Material for this task below:

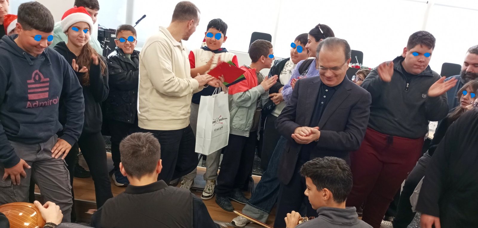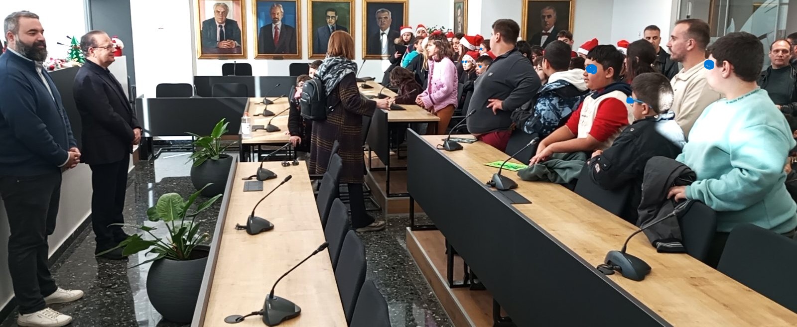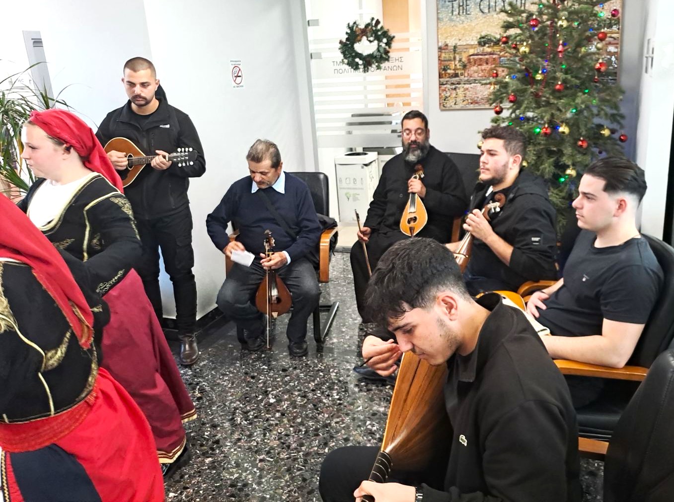 Την αρχή έκαναν οι μαθητές –τριες του Μουσικού Γυμνασίου – Λυκείου και του Ειδικού Σχολείου Ρεθύμνου. Με τις δροσερές φωνές τους, υπό τη συνοδεία μουσικών οργάνων σε επιδέξια χέρια νέων μουσικών, έψαλλαν τα κρητικά κάλαντα στον Δήμαρχο και τον Εντεταλμένο Δημ. Σύμβουλο Πρασίνου Γιώργη Παπαδόσηφο και τραγούδησαν αγαπημένους στίχους των Βασίλη Σκουλά και Θανάση Σκορδαλού. Ο Δήμαρχος ευχαρίστησε και συγχάρηκε τα παιδιά για τις εξαίρετες επιδόσεις τους, επισημαίνοντας πως «η Μουσική μας ενώνει και μας κάνει καλύτερους ανθρώπους» και τους ευχήθηκε να προοδεύσουν σε όλες τους τις επιλογές. Θερμές ευχές και αναμνηστικά δώρα κατέθεσε στους/στις συνοδούς εκπαιδευτικούς τους: Εκ μέρους του Μουσικού Σχολείου κ. Ηλία Πίτερη /Υποδιευθυντή, κ. Όλγα Ματθαίου, κ. Υγειονομάκη Μιχάλη και τον αιδεσιμότατο π. Κων/νο Χανιωτάκη/ Πρόεδρο του Συλλόγου Γονέων, και εκ μέρους του Ειδικού Σχολείου: κ. Λαζάνη Κων/νο/ Υποδιευθυντή, κ. Παπαδόπουλο Χρήστο, κ. Καλαγασίδη Βασιλική και κ. Βασιλειάδου Αριστέα.
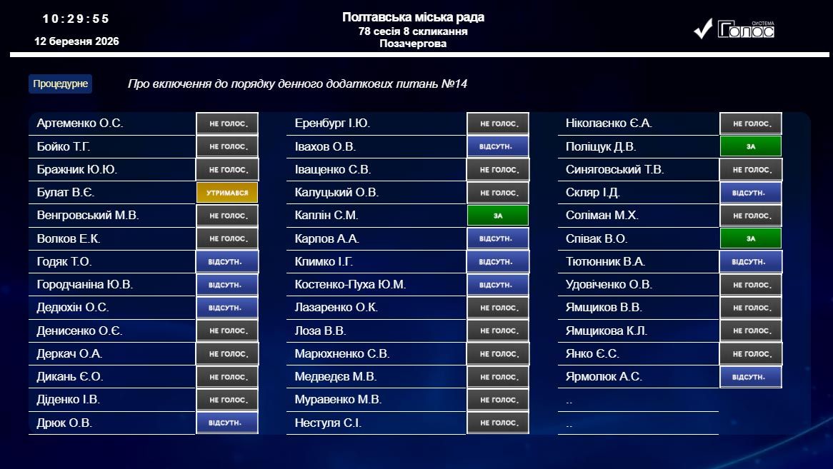 10:25 — З порядку денного за пропозицією УЖКГ виключили питання № 4 «Про внесення змін до Програми розвитку житлово-комунального господарства та благоустрою Полтавської міської територіальної громади на 2025-2027 роки».
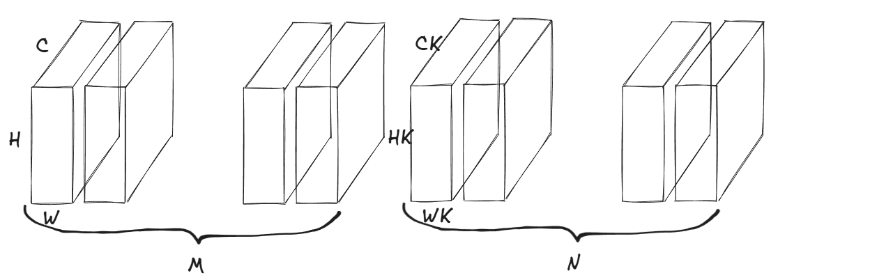 计算量 = M × C × H × W × H K × W K × C K × N 计算量=M\times C \times H \times W \times HK \times WK \times CK \times N 计算量=M×C×H×W×HK×WK×CK×N
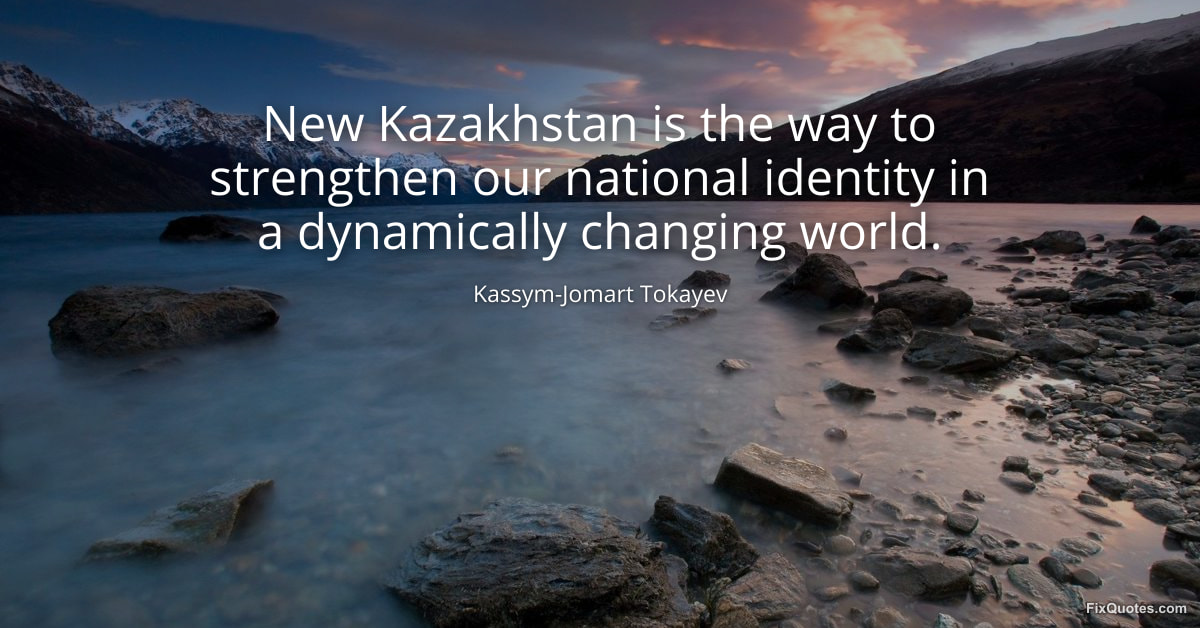 Tokayev, Kassym-Jomart. (2026, February 16). New Kazakhstan is the way to strengthen our national identity in a dynamically changing world. FixQuotes. https://fixquotes.com/quotes/new-kazakhstan-is-the-way-to-strengthen-our-185545/
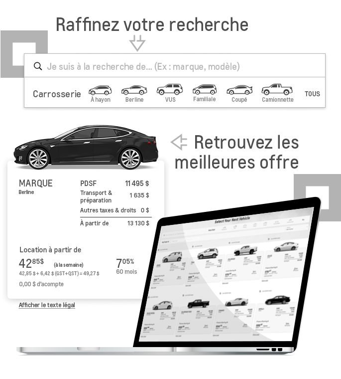 Choisissez le plan de financement ou de location qui convient le mieux à votre situation dans le confort de votre maison. Nous avons une gamme d'options flexibles et adaptées à toutes les situations financières.
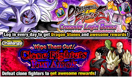 The Dragon Ball FighterZ Crossover Login Bonus is on, and in it you'll be able to recruit [Assisting with the Rampaging Clones Incident] Android #18 (Linked State) the first time you log in during the campaign period! Then, clear Crossover Special Missions to get Awakening Medals you can use to Dokkan Awaken [Assisting with the Rampaging Clones Incident] Android #18 (Linked State)! In addition, there are lots of other fun events going on, such as the "Wipe Them Out! Clone Fighters Run Amok" Challenge Event where you'll fight to defeat as many clone fighters as you can within a limited number of turns to get awesome rewards! Dive into the world of Dokkan Battle and have a blast in the Dragon Ball FighterZ Crossover Special Campaign!

End of Material for this task.

**What you are asked to do:** Set down exactly and only the lines from the line that contains "10:25 — З порядку" through the last line of the entries above, with both of those lines included and the pictures left out.

**Exercise solution:**
 10:25 — З порядку денного за пропозицією УЖКГ виключили питання № 4 «Про внесення змін до Програми розвитку житлово-комунального господарства та благоустрою Полтавської міської територіальної громади на 2025-2027 роки».
 计算量 = M × C × H × W × H K × W K × C K × N 计算量=M\times C \times H \times W \times HK \times WK \times CK \times N 计算量=M×C×H×W×HK×WK×CK×N
 Tokayev, Kassym-Jomart. (2026, February 16). New Kazakhstan is the way to strengthen our national identity in a dynamically changing world. FixQuotes. https://fixquotes.com/quotes/new-kazakhstan-is-the-way-to-strengthen-our-185545/
 Choisissez le plan de financement ou de location qui convient le mieux à votre situation dans le confort de votre maison. Nous avons une gamme d'options flexibles et adaptées à toutes les situations financières.
 The Dragon Ball FighterZ Crossover Login Bonus is on, and in it you'll be able to recruit [Assisting with the Rampaging Clones Incident] Android #18 (Linked State) the first time you log in during the campaign period! Then, clear Crossover Special Missions to get Awakening Medals you can use to Dokkan Awaken [Assisting with the Rampaging Clones Incident] Android #18 (Linked State)! In addition, there are lots of other fun events going on, such as the "Wipe Them Out! Clone Fighters Run Amok" Challenge Event where you'll fight to defeat as many clone fighters as you can within a limited number of turns to get awesome rewards! Dive into the world of Dokkan Battle and have a blast in the Dragon Ball FighterZ Crossover Special Campaign!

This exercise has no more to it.